(REQUIREMENT)
Dropping every picture, set down exactly the lines in the entries below, starting with the line with "Σεισμός μεγέθους 4,1" and going on through the line with "Muji treleketøy, består".

(DATA FOR THIS EXERCISE)
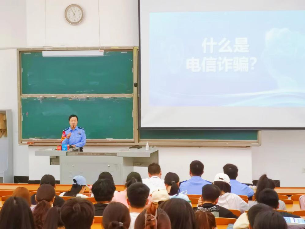 任晓萌以“反诈宣传进校园、护航青春伴成长”为题作宣讲,结合电信诈骗真实案例讲解和分析电信诈骗的常见形式和手段,为同学们普及了识别和防范电信诈骗的小妙招。讲座过程中,同学们积极参与有奖问答,警官为回答正确的同学们赠送了精美的小礼物。通过寓教于乐的方式提醒大家要时刻保持警惕,提高安全防范意识。
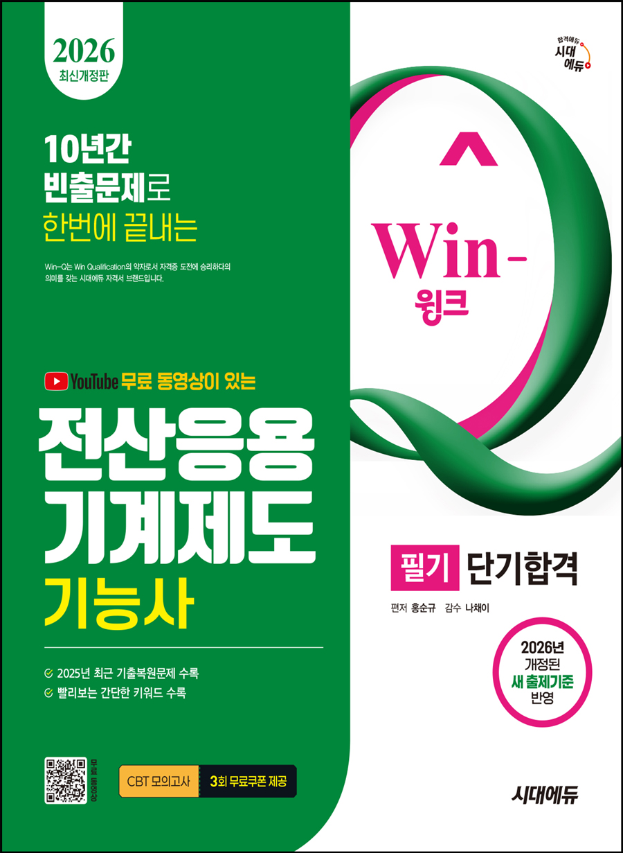 2026 시대에듀 무료 동영상이 있는 Win-Q 전산응용기계제도기능사 필기 단기합격
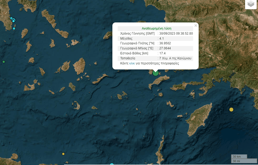 Σεισμός μεγέθους 4,1 Ρίχτερ σημειώθηκε το μεσημέρι του Σαββάτου (30/9) στην Κάλυμνο. Η δόνηση έγινε ιδιαίτερα αισθητή και στην Κω.
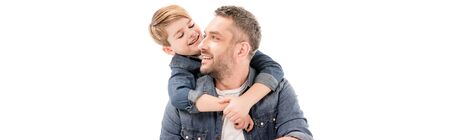 Boy with toy airplane sitting on fathers shoulders. Father and son have fun and playing with toy airplane. Family relationship with son. Love daddy.
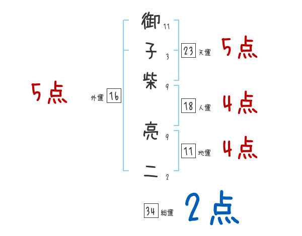 外運![]() | 御子柴亮二さんの外運は16画の5つ星!人望が厚く大きく発展する。逆転成功が見える。 生活面を象徴する運勢です。外部から受ける影響力を表し、結婚運、家庭運や職場、環境への順応性を表します。 |
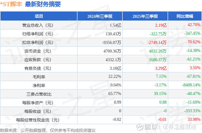 据证券之星公开数据整理,近期*ST辉丰(002496)发布2025年三季报。根据财报显示,*ST辉丰增收不增利。截至本报告期末,公司营业总收入2.19亿元,同比上升42.7%,归母净利润-322.75万元,同比下降347.45%。按单季度数据看,第三季度营业总收入6210.27万元,同比上升42.95%,第三季度归母净利润-1469.28万元,同比上升56.08%。
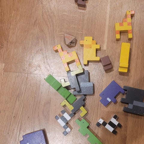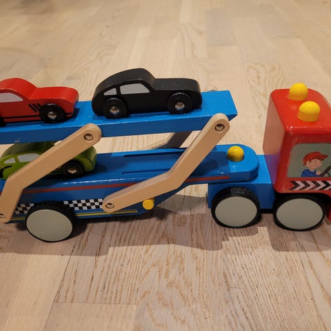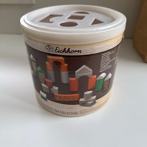 Muji treleketøy, består av flere små deler i tre, inkludert klosser og figurer. Passer for barn og kan brukes til lek og læring.
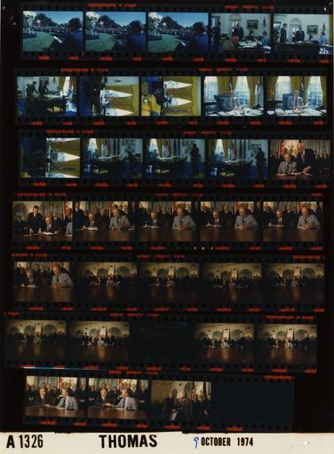 Keywords: Ford A1326 NLGRF photo contact sheet (1974-10-09)(Gerald Ford Library).jpg White House Photographic Office WHPO is housed at the Gerald R Ford Presidential Library a branch of the National Archives and Records Administration NARA <br/><br/> This file is a 200 dpi photo contact sheet having images from roll of film A1326 of the August 9 1974 - January 20 1977 Gerald R Ford White House Photographic Office Series A0001-A9999 and B0001-B2886 photographs <br/><br/> The date on the photo contact sheet is the date the roll of film was processed not necessarily the date the photographs were taken See table below for additional details 1974-10-09 Gerald R Ford Presidential Library Image http //www fordlibrarymuseum gov/library/whphotos/A1326_NLGRF jpg A1326_NLGRF jpg from http //www fordlibrarymuseum gov/library/whphotos/19741009whpo pdf White House Photographs October 9 1974 of the http //www fordlibrarymuseum gov/Library/whphotos/whpo asp White House Photographic Collection page White House Photographic Office WHPO - Thomas PD-USGov Institution Institution Gerald R Ford Presidential Library Table wikitable sortable + Photo contact sheet A1326 U S President Ford Administration Gerald R Ford Library Frame s Tone Subject proper Subject generic Names Geographic Location Photographer Date - 24A-29A Color Signing Joint Statements on the Development of Economic Industrial and Technical Cooperation and Principles of U S - Polish Relations GRF and Gierek seated at table signing documents - long shots GRF First Secretary Edward Gierek Others Cabinet Room Thomas 1974-10-09 - 30A Color Thomas 1974-10-09 - 31A-32A Color Signing Joint Statements on the Development of Economic Industrial and Technical Cooperation and Principles of U S - Polish Relations GRF and Gierek seated at table signing documents - long shots GRF First Secretary Edward Gierek Mieczyslaw Jagielski Stefan Olszowski Ryszard Frelek Witold Trampczynski Benon Stranz Wlodzimierz Wisniewski Others Cabinet Room Thomas 1974-10-09 - 33A-34A Color Following Signing Joint Statements on the Development of Economic Industrial and Technical Cooperation and Principles of U S -Polish Relations GRF and Gierek handshaking; others standing behind GRF First Secretary Edward Gierek Mieczyslaw Jagielski Stefan Olszowski Ryszard Frelek Witold Trampczynski Benon Stranz Wlodzimierz Wisniewski Others Cabinet Room Thomas 1974-10-09 - 35A Color Following Signing Joint Statements on the Development of Economic Industrial and Technical Cooperation and Principles of U S -Polish Relations GRF and Gierek walking from table GRF First Secretary Edward Gierek Mieczyslaw Jagielski Stefan Olszowski Ryszard Frelek Witold Trampczynski Benon Stranz Wlodzimierz Wisniewski Others Cabinet Room Thomas 1974-10-09 - 3A-5A Color Second Press Conference GRF at podium media seated - GRF profile taken from right over left shoulder of reporter GRF Media Secret Service Rose Garden Thomas 1974-10-09 - 6A Color GRF seated at desk others standing GRF Rumsfeld Nessen Oval Office Thomas 1974-10-09 - 7A-8A Color Black Star Photographer GRF seated at desk others standing -Ward shooting photographs GRF Rumsfeld Nessen Fred Ward Oval Office Thomas 1974-10-09 - 9A-10A Color Black Star Photographer GRF seated at desk - Ward shooting photographs GRF Fred Ward Oval Office Thomas 1974-10-09 - 11A-12A Color seated at desk GRF Oval Office Thomas 1974-10-09 - 13A Color Black Star Photographer seated at desk - long shot; Ward crouched by desk GRF Fred Ward Oval Office Thomas 1974-10-09 - 14A-16A Color Black Star Photographer GRF seated at desk - Ward shooting photographs GRF Fred Ward Oval Office Thomas 1974-10-09 - 17A Color Prior to Signing Joint Statements on the Development of Economic Industrial and Technical Cooperation and Principles of U S -Polish Relations GRF seated at table looking at document GRF Others Cabinet Room Thomas 1974-10-09 - 18A Color Prior to Signing Joint Statements on the Development of Economic Industrial and Technical Cooperation and Principles of U S -Polish Relations Gierek seated at table looking at document First Secretary Edward Gierek Others Cabinet Room Thomas 1974-10-09 - 19A-23A Color Signing Joint Statements on the Development of Economic Industrial and Technical Cooperation and Principles of U S - Polish Relations GRF and Gierek seated at table signing documents GRF First Secretary Edward Gierek Others Cabinet Room Thomas 1974-10-09 Gerald R Ford Presidential Library and Museum-cooperation PD-USGov Contact sheets by the Ford White House October 1974 |
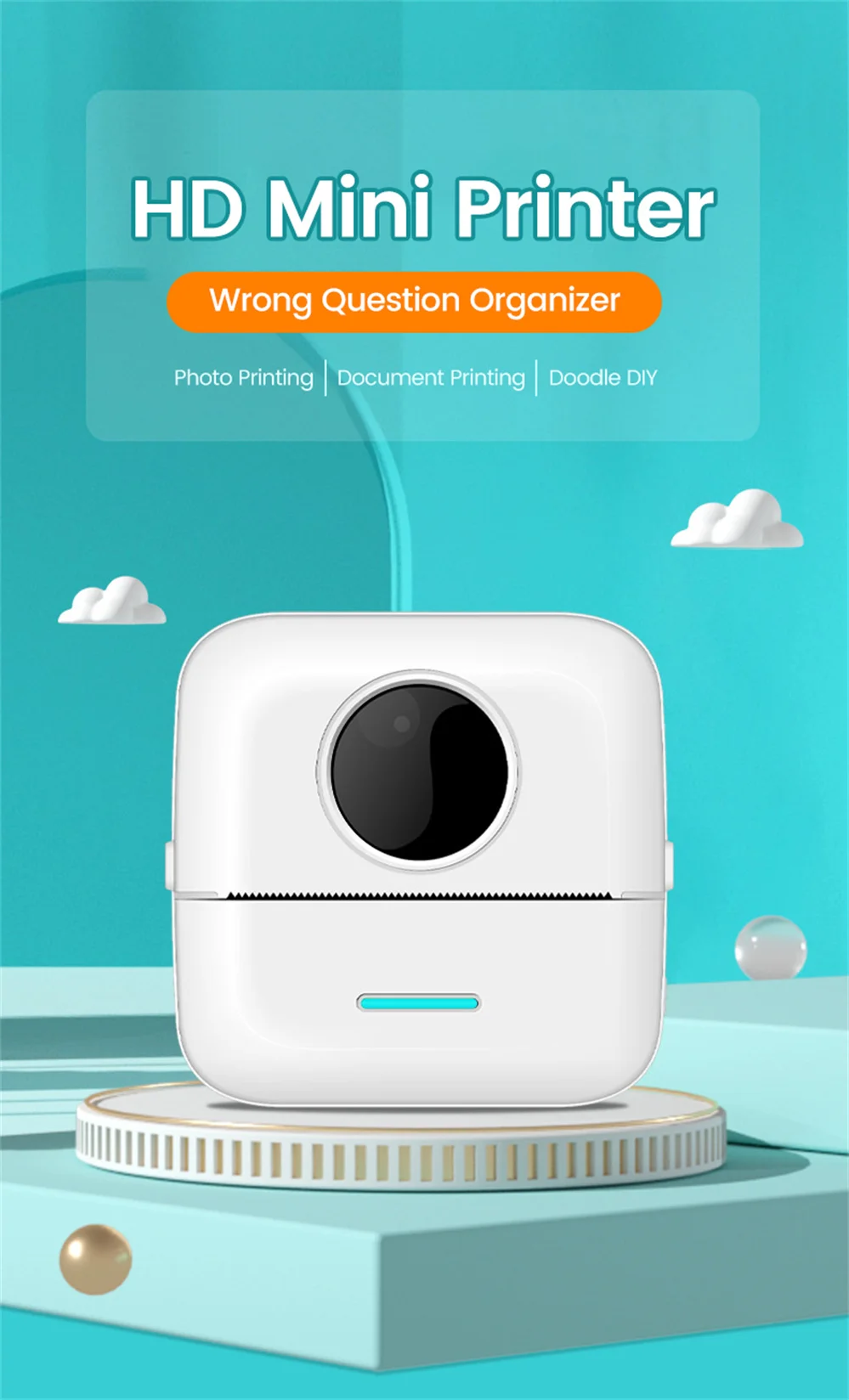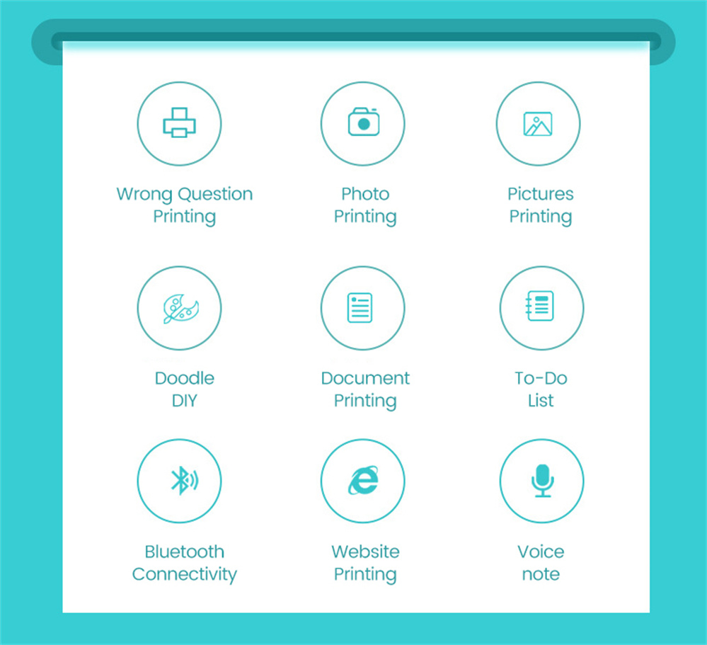 6: Упаковка принтера: 1 принтер + 1 рулон белой бумаги для печати (не пастообразной) + линия зарядки + руководство.
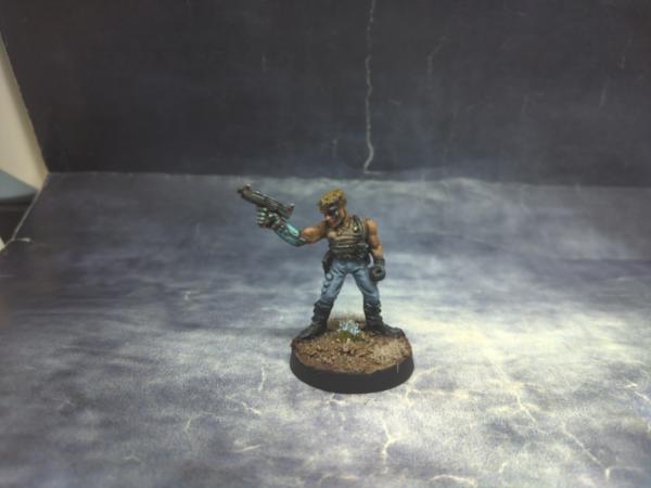 While searching online to try to figure out when this model was released (1988), I came across an example of this guy painted in Flesh Tearers colors, in which the painted remarked on the model's resemblance to "Snake" Plissken. I decided to go in that direction with his colors.
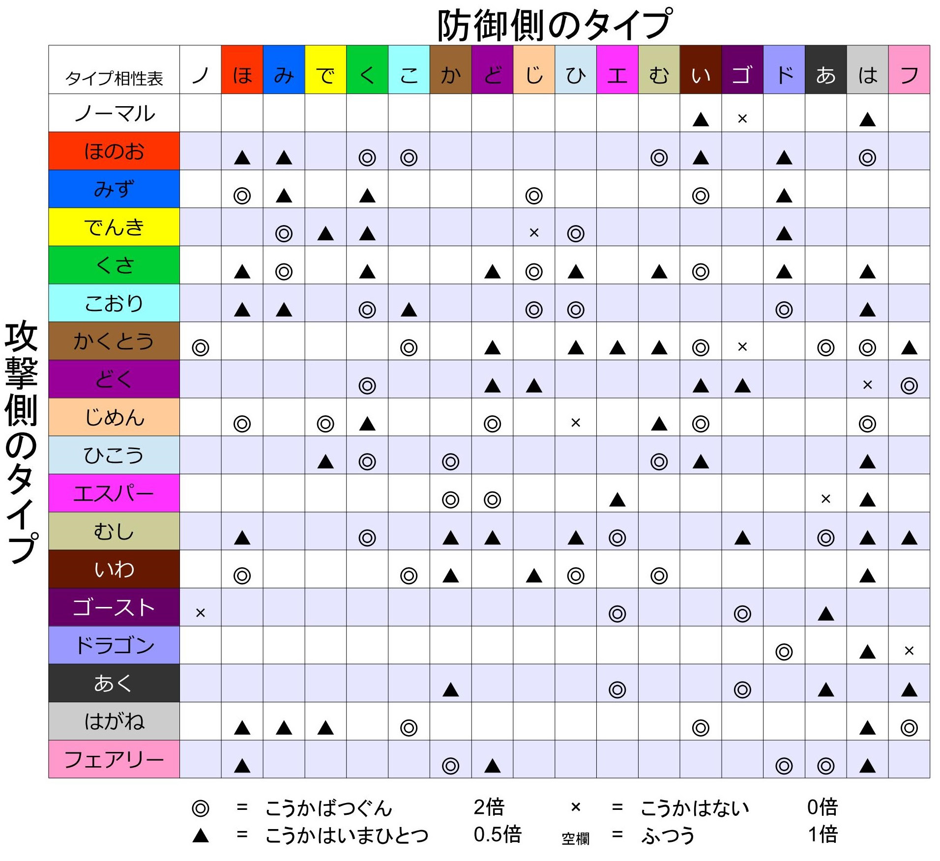 ポケモンに役立つ情報 タイプの相性表 ポケモンだいすき道場 アニメ 漫画 まにあ道 趣味と遊びを極めるサイト
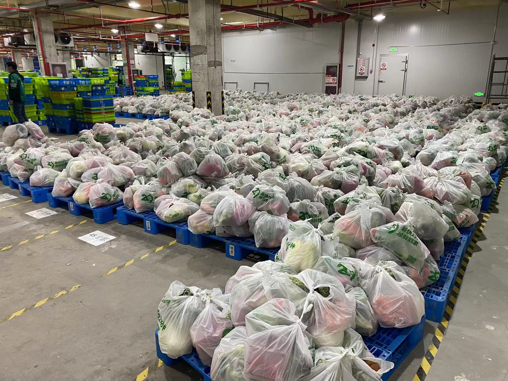 叮咚买菜杭州余杭城市分选中心内,一批批蔬果等物资正等着运往上海。受访对象供图
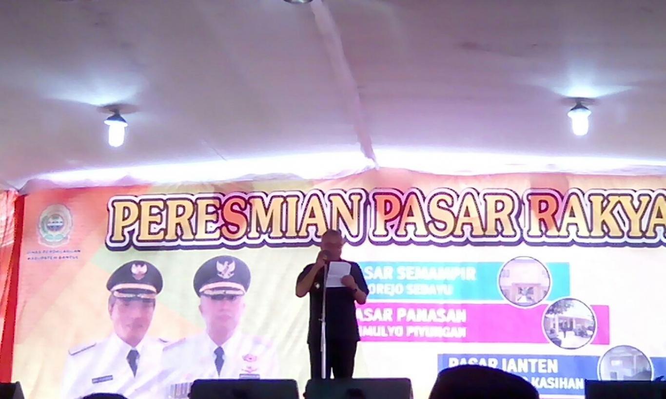 Dalam sambutannya, Bupati Bantul, Bapak Drs. H. Suharsono mengatakan bahwa indikasi keberhasilan pelaksanaan pembangunan suatu daerah dapat dilihat dari peningkatan perekonomian rakyat, tingkat pendidikan dan kualitas kesehatan. Untuk perekonomian bukti fisiknya adalah dengan adanya pembangunan pasar tradisional. "Oleh karena itu acara pagi hari ini merupakan suatu berkah bagi masyarakat Bantul dengan diresmikannya 4 pasar di wilayah Bantul," kata beliau.
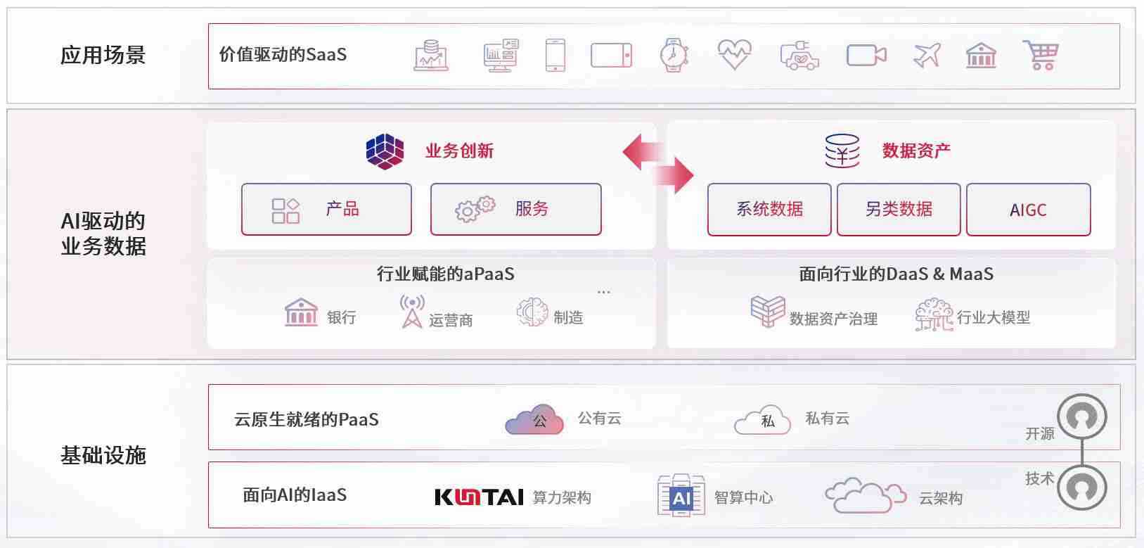 在基础设施层面,,,,基于商业或开源的云原生就绪开发工具与技术组件(PaaS)和面向AI的底层公共基础设施资源(IaaS),,将共同支撑企业完成数字化转型
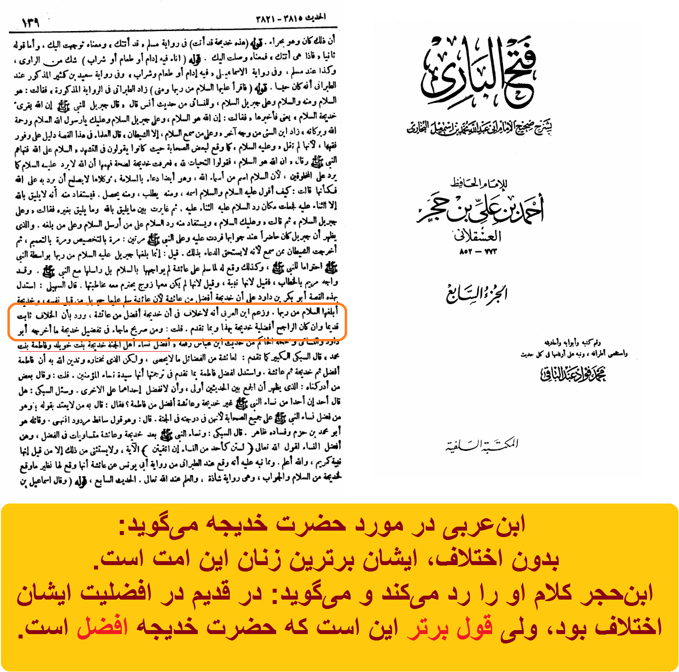 ابن‌حجر کلام او را رد می‌کند و می‌گوید: در قدیم در افضلیت ایشان اختلاف بود، ولی قول برتر این است که حضرت خدیجه افضل است.
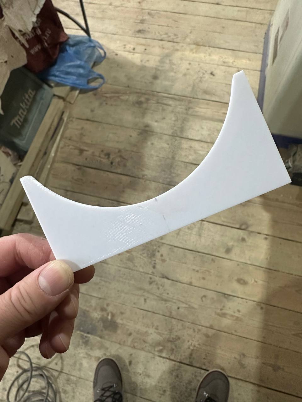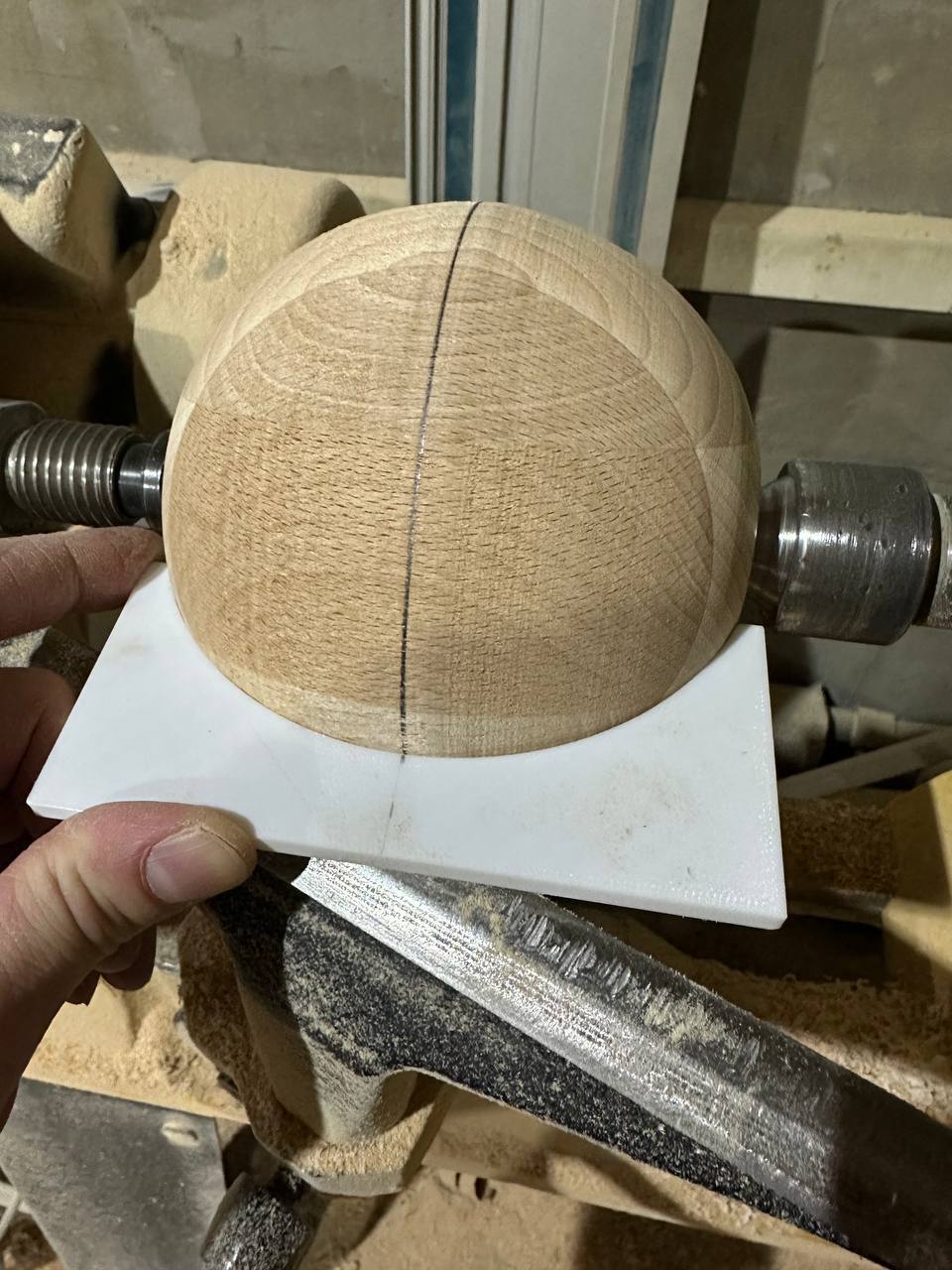 Дальше в дело врывается любимая игрушка последних месяцев – 3д принтер. Так как шары я изготавливаю далеко не каждый день, а точить в этот раз решил их вручную, делаю шаблон для удобства. Он должен повторять расчетный радиус шара.

(OUTPUT FOR THIS EXERCISE)
 Σεισμός μεγέθους 4,1 Ρίχτερ σημειώθηκε το μεσημέρι του Σαββάτου (30/9) στην Κάλυμνο. Η δόνηση έγινε ιδιαίτερα αισθητή και στην Κω.
 Boy with toy airplane sitting on fathers shoulders. Father and son have fun and playing with toy airplane. Family relationship with son. Love daddy.
 外運![]() | 御子柴亮二さんの外運は16画の5つ星!人望が厚く大きく発展する。逆転成功が見える。 生活面を象徴する運勢です。外部から受ける影響力を表し、結婚運、家庭運や職場、環境への順応性を表します。 |
 据证券之星公开数据整理,近期*ST辉丰(002496)发布2025年三季报。根据财报显示,*ST辉丰增收不增利。截至本报告期末,公司营业总收入2.19亿元,同比上升42.7%,归母净利润-322.75万元,同比下降347.45%。按单季度数据看,第三季度营业总收入6210.27万元,同比上升42.95%,第三季度归母净利润-1469.28万元,同比上升56.08%。
 Muji treleketøy, består av flere små deler i tre, inkludert klosser og figurer. Passer for barn og kan brukes til lek og læring.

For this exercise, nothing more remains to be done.